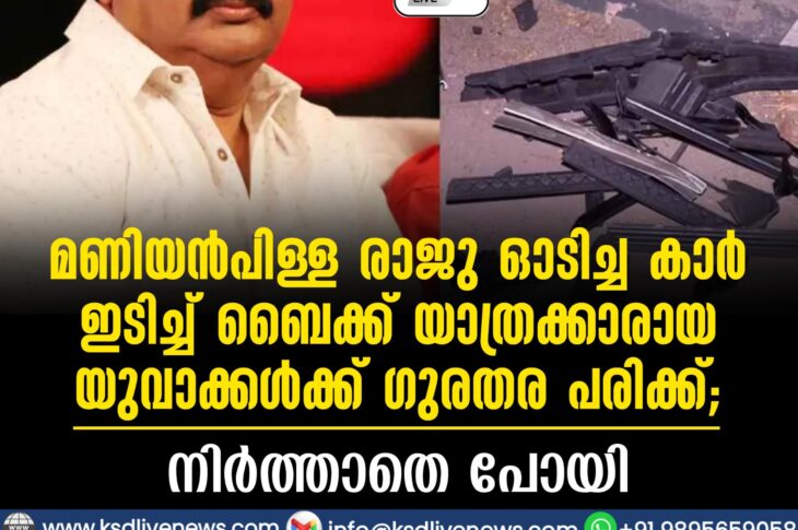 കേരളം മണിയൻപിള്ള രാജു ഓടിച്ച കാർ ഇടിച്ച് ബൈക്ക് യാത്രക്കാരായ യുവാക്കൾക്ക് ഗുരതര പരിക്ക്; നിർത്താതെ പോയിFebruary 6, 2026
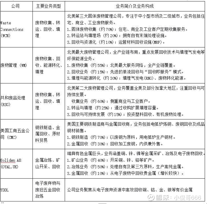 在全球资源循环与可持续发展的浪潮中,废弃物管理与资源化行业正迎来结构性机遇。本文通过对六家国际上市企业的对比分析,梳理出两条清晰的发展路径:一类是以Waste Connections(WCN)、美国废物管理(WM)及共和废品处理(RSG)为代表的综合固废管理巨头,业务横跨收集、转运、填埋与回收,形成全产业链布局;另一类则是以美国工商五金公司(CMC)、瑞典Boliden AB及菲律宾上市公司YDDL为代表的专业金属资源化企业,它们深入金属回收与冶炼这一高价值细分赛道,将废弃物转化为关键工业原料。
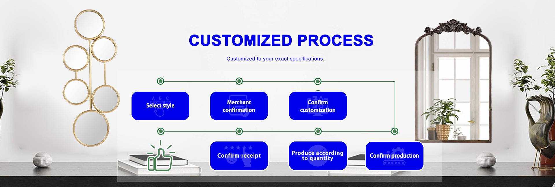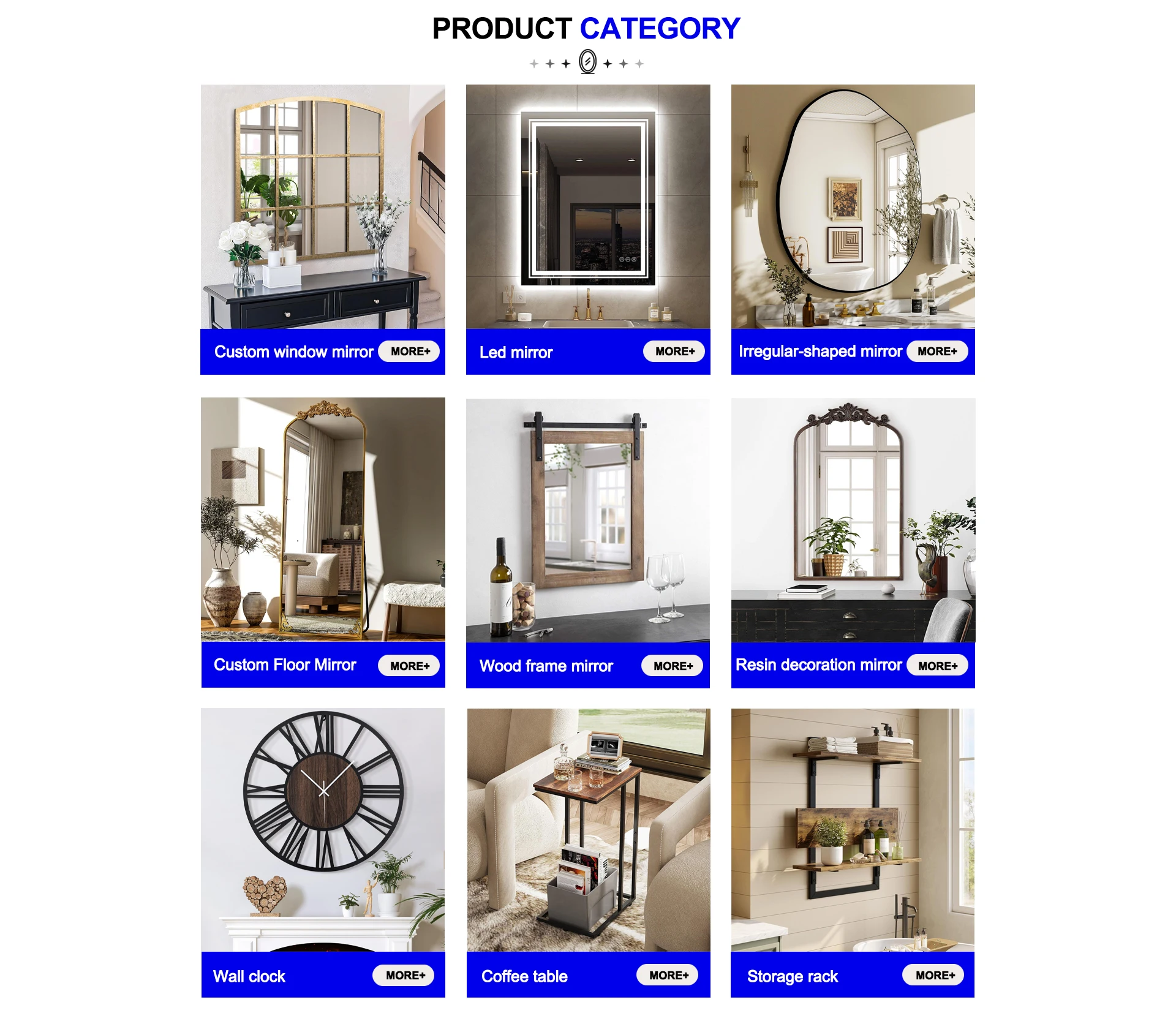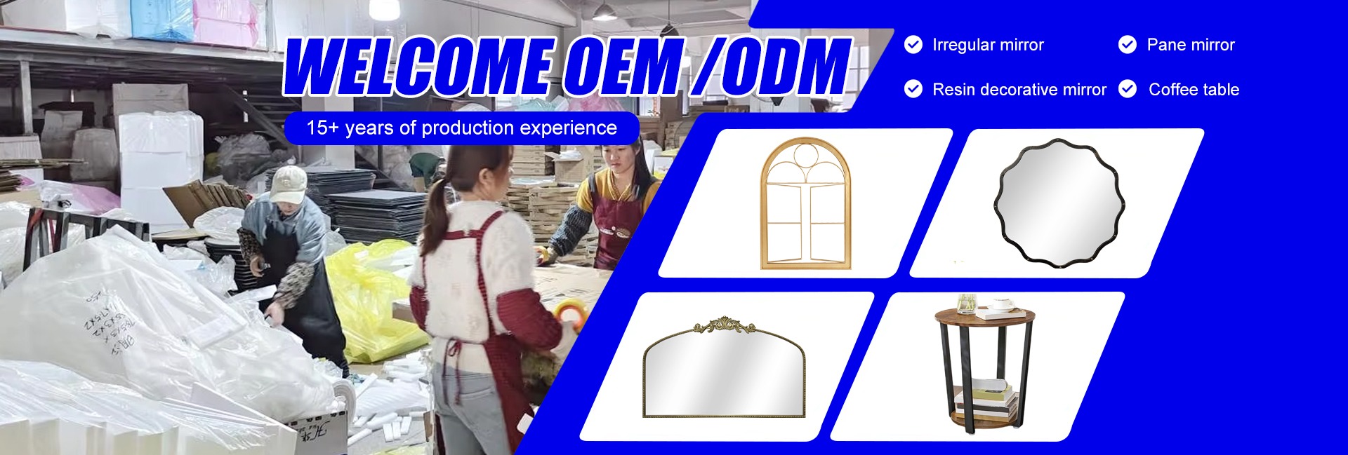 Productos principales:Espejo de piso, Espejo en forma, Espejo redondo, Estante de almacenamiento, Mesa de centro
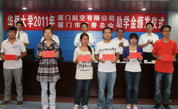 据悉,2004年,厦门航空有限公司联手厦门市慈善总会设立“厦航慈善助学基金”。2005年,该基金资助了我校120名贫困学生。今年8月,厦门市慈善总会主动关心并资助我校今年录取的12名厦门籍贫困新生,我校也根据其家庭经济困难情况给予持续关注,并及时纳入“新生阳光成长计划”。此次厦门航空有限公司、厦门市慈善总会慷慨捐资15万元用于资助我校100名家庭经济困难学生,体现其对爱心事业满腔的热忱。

» **ASSIGNMENT**:
Pictures aside, retype the material exactly.

» **TASK RESULT**:
 കേരളം മണിയൻപിള്ള രാജു ഓടിച്ച കാർ ഇടിച്ച് ബൈക്ക് യാത്രക്കാരായ യുവാക്കൾക്ക് ഗുരതര പരിക്ക്; നിർത്താതെ പോയിFebruary 6, 2026
 在全球资源循环与可持续发展的浪潮中,废弃物管理与资源化行业正迎来结构性机遇。本文通过对六家国际上市企业的对比分析,梳理出两条清晰的发展路径:一类是以Waste Connections(WCN)、美国废物管理(WM)及共和废品处理(RSG)为代表的综合固废管理巨头,业务横跨收集、转运、填埋与回收,形成全产业链布局;另一类则是以美国工商五金公司(CMC)、瑞典Boliden AB及菲律宾上市公司YDDL为代表的专业金属资源化企业,它们深入金属回收与冶炼这一高价值细分赛道,将废弃物转化为关键工业原料。
 Productos principales:Espejo de piso, Espejo en forma, Espejo redondo, Estante de almacenamiento, Mesa de centro
 据悉,2004年,厦门航空有限公司联手厦门市慈善总会设立“厦航慈善助学基金”。2005年,该基金资助了我校120名贫困学生。今年8月,厦门市慈善总会主动关心并资助我校今年录取的12名厦门籍贫困新生,我校也根据其家庭经济困难情况给予持续关注,并及时纳入“新生阳光成长计划”。此次厦门航空有限公司、厦门市慈善总会慷慨捐资15万元用于资助我校100名家庭经济困难学生,体现其对爱心事业满腔的热忱。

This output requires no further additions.